Henby's was pretty simple. The usual and great 3-point lighting. One key light coming from above, quite big for soft shadows and stronger than any other light source in the scene. One Skylight with a custom HDRI and low intensity, which works as a Fill Light. Two rim lights coming from the right and the left, to create that light that contours the character. And finally, one last light is used to add that highlight to the eyes. It's positioned and directed right at his eyes and is very subtle.
It is important to set up a cinematic camera and adjust its parameters while viewing through it. That way you can actually see what is going to come out from the renders using the Level Sequence. The viewport itself does not represent the final look.
Some of the post-effects used in the camera's settings were Vignette, Film Grain, Depth of Field and Aperture, Chromatic Aberration, and Exposure. No secret here, just tweak them until you find the visuals you are looking for.
The most important thing when creating a 3-point lighting setup for a character is to have a hierarchy between the lights. The strongest and most important one must be the key light. No other one should be close to its intensity (sometimes the rim lights can be an exception). That is one of the most common mistakes I see from students. Having all light sources equally strong completely kills all shadows.
Another tip is to pay attention to the size of the light source relative to the character. The larger the light, the softer the shadows. But the distance between the character and the light is also relevant. The sun is a massive light source, but it's also super far away, which makes it small in the sky. So from the sun, we get harsh shadows, not soft, despite its size.
The Journey
This character was done with very limited free time for personal reasons. So I had to exercise discipline and work on it every single day for about 1 hour. The pace of improvement was very slow, but steady and constantly challenging, which is the most important thing. However, the total amount of time dedicated to it was about 6 weeks, which is very much reasonable for its complexity.

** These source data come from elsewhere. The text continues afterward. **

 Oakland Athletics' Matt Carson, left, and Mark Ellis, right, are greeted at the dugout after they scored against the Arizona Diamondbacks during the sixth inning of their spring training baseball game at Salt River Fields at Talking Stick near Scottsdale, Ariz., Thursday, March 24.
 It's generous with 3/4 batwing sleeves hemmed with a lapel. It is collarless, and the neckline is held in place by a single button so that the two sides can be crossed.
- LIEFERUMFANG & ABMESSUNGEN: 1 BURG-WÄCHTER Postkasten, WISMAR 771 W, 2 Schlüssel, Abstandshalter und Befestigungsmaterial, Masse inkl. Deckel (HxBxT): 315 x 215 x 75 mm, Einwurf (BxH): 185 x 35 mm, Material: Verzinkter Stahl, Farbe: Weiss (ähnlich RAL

Being chosen because it had technical challenges all around, the Henby character was demanding on a daily basis. But the most challenging parts were the hair (which is the step of the pipeline that I had the least experience with compared to the rest), the skin detailing and texturing because I was practicing brand new techniques, and the UE5 shader and rendering, which were also quite new to me. I was much more used to rendering characters in Marmoset.
My approach is to push myself to the limit and try to do something better than ever before at every step of the process, even if I'm doing something I've done a thousand times. Always keep myself at the edge of my abilities, which is tiresome, but exciting and worthwhile.
Final Thoughts
My most important advice for a beginning Character Artist is to finish portfolio pieces. I see way too many artists spending years making WIPs and never finishing anything. In my understanding, that's a very effective way to get exhausted from your own dream.

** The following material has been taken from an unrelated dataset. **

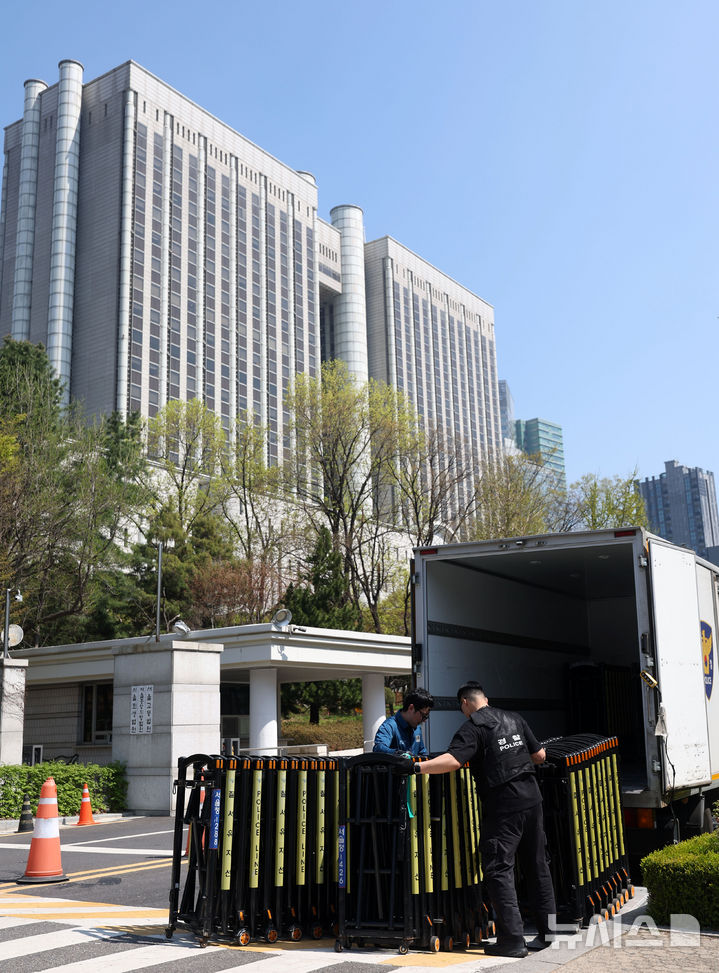 [서울=뉴시스] 홍효식 기자 = 오는 14일 윤석열 전 대통령의 내란 우두머리 혐의 형사재판을 앞두고 법원이 청사 방호 조치 등이 담긴 경비 계획을 발표할 예정인 11일 서울 서초구 서울중앙지방법원 앞에서 경찰이 질서유지선을 옮기고 있다.
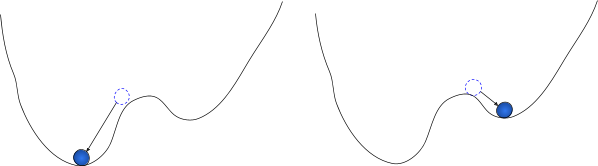 We see the system change from one state to another, and we want to know what caused the switch. So, we look for kicks which are large enough to overcome the hump, and ignore smaller noise.

If you do not finish personal projects you will have nothing better to add to your portfolio. The probable consequence of that is you'll eventually grow tired of waiting for better jobs to come your way. Being stagnated professionally and always working for bad clients while being poorly paid.

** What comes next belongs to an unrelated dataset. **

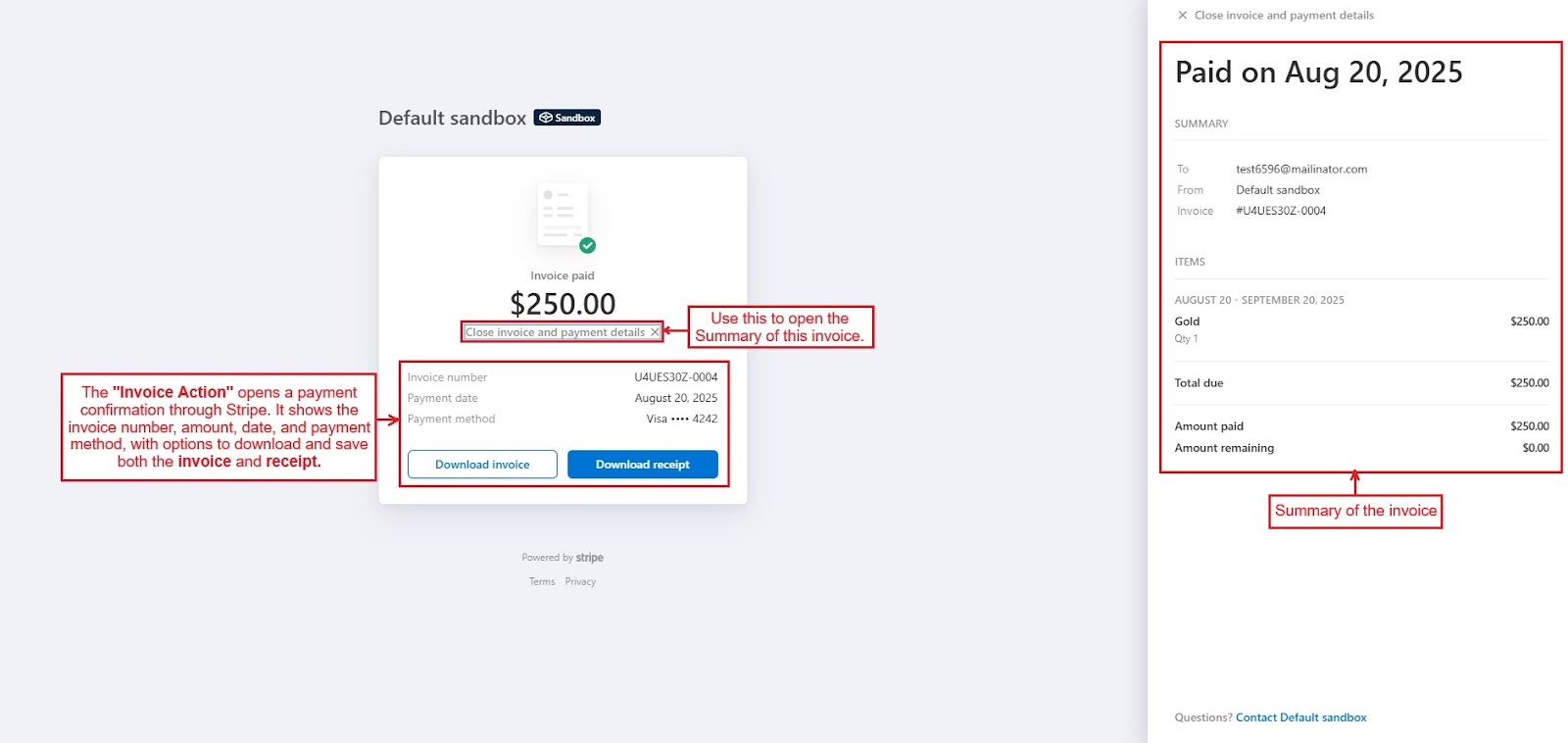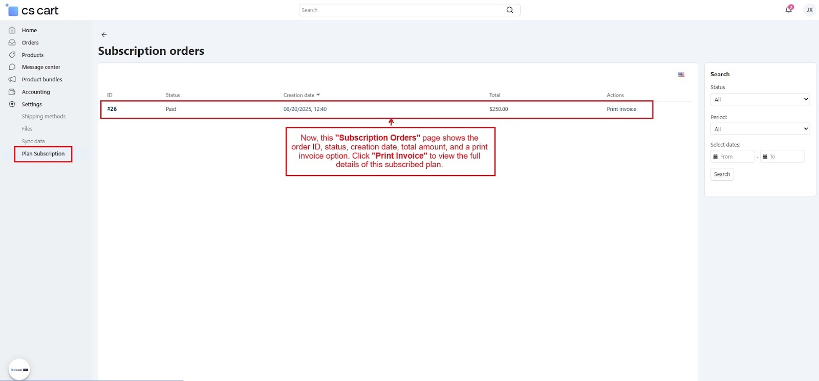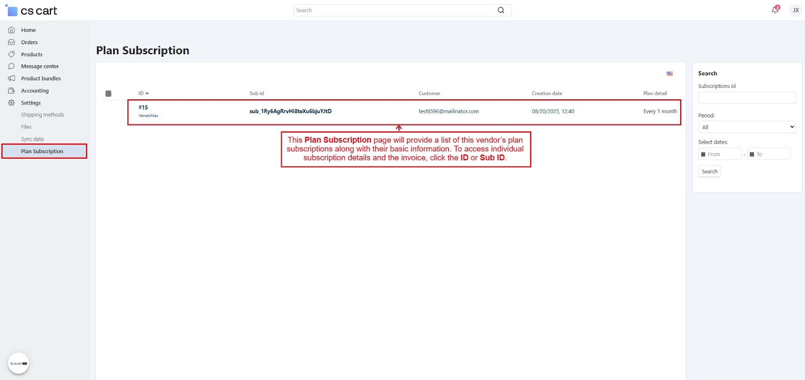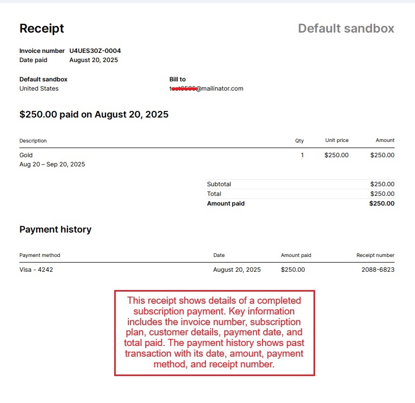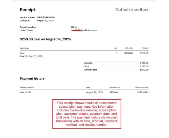 - Invoice & Receipt Handling: The admin and vendors can view, print, and download invoices and receipts for each subscription, with full payment details.
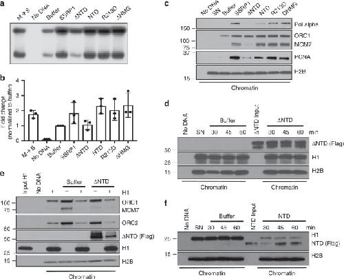 Fig. 5. SSRP1 N-Terminal domain dependent stimulation of DNA replication through histone H1 chromatin eviction.a Representative autoradiography of a DNA replication assay showing α-32P-dCTP incorporation for 120âmin in SN pre-incubated with 200âng/μl recombinant SSRP1 or equimolar amounts of its mutated versions, as indicated. b Graph indicating fold change in somatic DNA replication efficiency relative to buffer considered as 1. SN were pre-incubated with 200âng/μl recombinant SSRP1 or equimolar amounts of its mutated versions as indicated. Bars represent meanâ±âSEM. nâ=â3 independent experiments; pâ<â0.005 when comparing all values. Two-way anova. c WB of chromatin isolated at 60âmin after addition to interphase egg extracts of SN pre-incubated with 200âng/μl recombinant SSRP1 or equimolar amounts of its mutant versions and probed with the indicated antibodies. d WB of chromatin isolated at the indicate times from interphase egg extracts supplemented with SN pre-incubated with Flag-âNTD or control buffer. e WB of chromatin isolated from interphase egg extracts incubated for 60âmin with SN exposed to Flag-NTD or control buffer in the presence or absence of purified histone H1. f WB of chromatin isolated at the indicate times from interphase egg extracts incubated with somatic nuclei exposed to Flag-NTD or control buffer. |

So, finishing personal projects is not an option. If you want to keep loving what you do and doing what you love while getting well paid and growing as a professional, you must finish some personal projects regularly.
Also, when doing your projects give your heart and soul. Keep yourself at the edge. Do not do your projects as if you were washing dishes, mechanically and mindlessly. This is your craft and your dream. Always do your best and be patient. Great rewards come as a result of your true effort.
I hope this was of some use to you. Thank you for reading and happy studying!